Does this imply that they are, say, remotely turning down people’s water heaters when a transmission line goes down somewhere, in order to balance the demand end of things as well as balance the supply end? Or rolling blackouts of entire areas to achieve the same effect?

I know that a major manufacturing plant near here has a flex agreement with the local utility so that the utility can ramp the plant’s power down if the need arises (the plant has its own backup generators), with the overall intention that homes and essential services don’t get their power interrupted in a brownout.

I’m curious as to just how granular a system like that can get.
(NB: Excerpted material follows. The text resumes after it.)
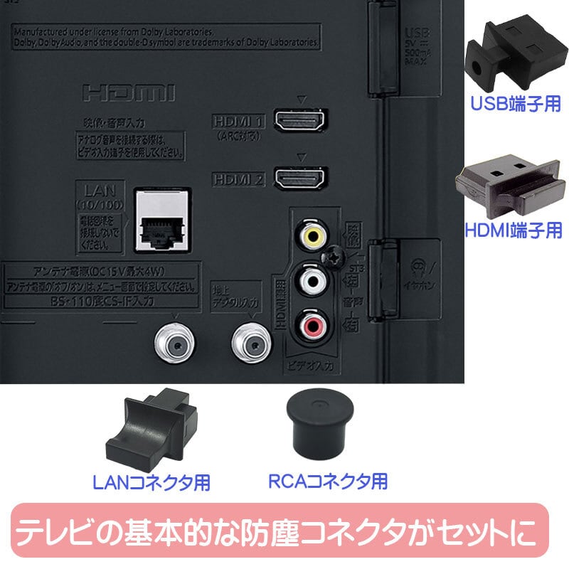 テレビ用 防塵キャップ ほこり 端子保護 HDMI RCA LAN RJ-45 VGA USB コネクタ キャップ 保護 エスエスエーサービス SSC-08TVは、テレビの接続端子を効果的に保護してくれるアイテムです。テレビは、スペースが限られている中で設置され、ほこりや汚れもついてしまいがちですが、このキャップを使用することで端子部分を守り、信号伝送の品質を保ってくれます。

In the next five years, will I load my washing machine and have it enter a ticket at the power substation, such that the machine will be activated at 2 AM when demand hits a threshhold?

No reason you couldn’t do that. You’ll probably also have a car that plugs in for 16 hours every night, but only needs 8 of those hours, and you’ll just tell it “be ready to go by 7 AM, and use the cheapest electricity you can”.

Probably not presently granular at the household level, because I don’t know of any well-known household protocols for doing that. There are standards for implementing control of household solar panels, which will be having an effect in the next 5 years, and water heaters are certainly something people think about controlling.

At present, remote control of generation means control of wind farms and solar farms and hydro plants. Remote control of commercial loads is mostly done by price signals and contracts: you turn off the load when the price is high, or when the grid controller asks you to. The size of the business where this makes sense is getting smaller every year: and the business may be able to do ‘load shedding’ by switching to batteries and back up generators.

Price bidding for residential loads like washing is contentious because it’s providing a service that discriminates based on how much you are able to pay: prices can rise because poor people can avoid peak costs by turning off their heating in a cold snap and their air conditioning on hot days, which is a worst case scenario will kill them. Remote control of loads is contentious because you may not want to have your load turned off just then.

Another thing they can do is start charging homes for peak loading, as they have long done for heavy commercial users. If you go on a tariff like that, you can personally control your hot water to come on only when the air-conditioning goes off.